Count every line below that contains "Rembrandt", then state the total with no other output.

_Provided material_.
——

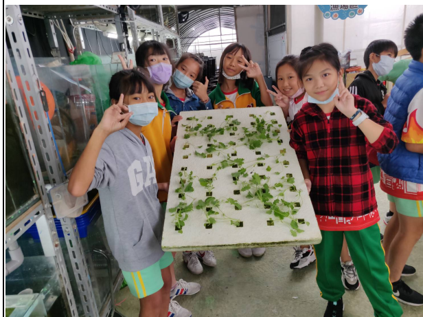
說明：各組完成水耕生菜種植。
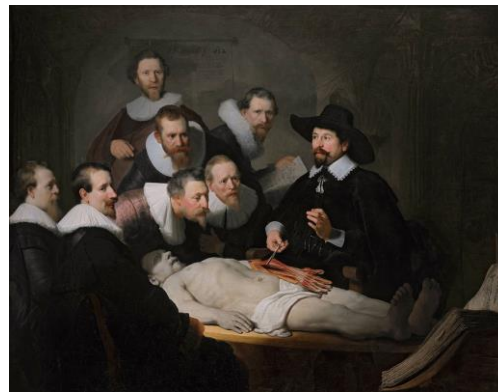
Figura 6 - Rembrandt van Rijn, Lección de anatomía del Doctor Nicoales Tulp , 1632. Óleo sobre lienzo, 169,5 x 216,5 cm, La Haya, Mauritshuis (Inv. nº 146).

En ese contexto, la disección iniciada por Tulp en el antebrazo se ha interpretado con la voluntad de equipararse con Vesalio, quien se autorretrató al principio de su Fabrica disecando un antebrazo y también con la significación moral que se daba desde la Antigüedad, siguiendo a Aristóteles, a la mano humana como instrumento del alma, frente al intelecto como forma de las formas (Schupbach, 1982; Nash, 2004). Precisamente, Rembrandt pintó otra lección de anatomía en 1656 – en este caso protagonizada por el Doctor Deijmar – donde muestra la disección del cráneo, sede del intelecto, y cuya plasmación visual guarda notables analogías con la estampa del cráneo abierto incluida en el tratado de Vesalio.

——

_Answer area_. 2